OREANDA-NEWS. September 17, 2015.  Kaspersky Lab has been granted two patents by the United States Patent and Trademark Office, for technologies designed to counteract anti-malware evasion techniques used by malware writers.

“The techniques used by cybercriminals are evolving, but Kaspersky Lab has an answer to their stratagems. For each trick designed to fool anti-malware technologies, our experts rapidly develop countermeasures,” comments Timur Biyachuev, Director of Anti-Malware Research, Kaspersky Lab.

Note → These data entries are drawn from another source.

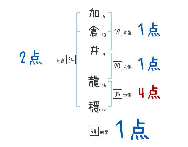 外運![]() | 加倉井龍穏さんの外運は34画の2つ星!独創性に優れるが、自尊心が強く災難に注意しましょう。 生活面を象徴する運勢です。外部から受ける影響力を表し、結婚運、家庭運や職場、環境への順応性を表します。 |
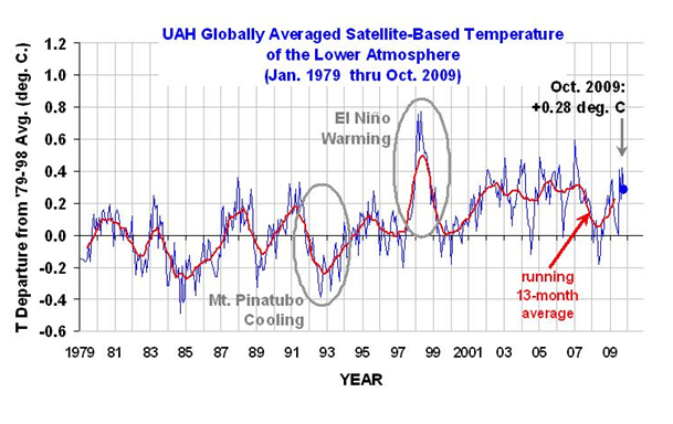 Na gornjoj slici vide se efekti dva prirodna događaja na srednju globalnu temperaturu. Prvi se odnosi na erupciju vulkana 1991.g. nakon koje se temperatura spustila za 2 desetinke stupnja, a drugi je povišenje temperature za skoro pola stupnja za vrijeme jakog El Niña 1997-98. g.
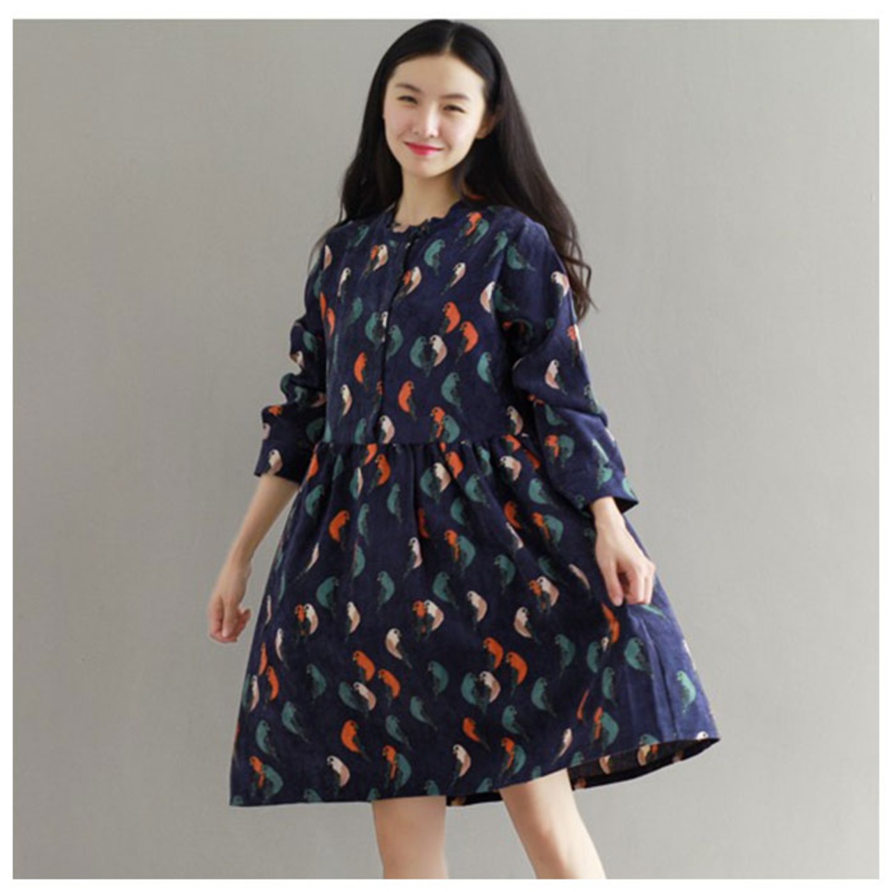 ・鳥柄のプリントが可愛らしい長袖ワンピースが新登場。

The first patent, No. 9111096, is entitled “System and Method for Preserving and Subsequently Restoring Emulator State.” This patent covers a technology that counteracts attempts by malware to detect and stop emulation being used to spot malicious functionality in code. The newly-patented technology can create images of the emulator’s state and load them if the execution of the code being analyzed terminates incorrectly. It also creates images if predefined events occur, providing greater flexibility when using emulation technology.

The second patent, No. 9116621, covers a technology called “System and Method of Transfer of Control between Memory Locations.” The purpose of the technology is to make monitoring by a security solution invisible to malware. By controlling memory page access rights, it provides the ability to log Application Programming Interface (API) function calls made by the program being analyzed. The security solution receives data on these calls directly from the CPU using hardware interruption. When information is transferred at the hardware level, monitoring is concealed, which helps to detect new malware more effectively.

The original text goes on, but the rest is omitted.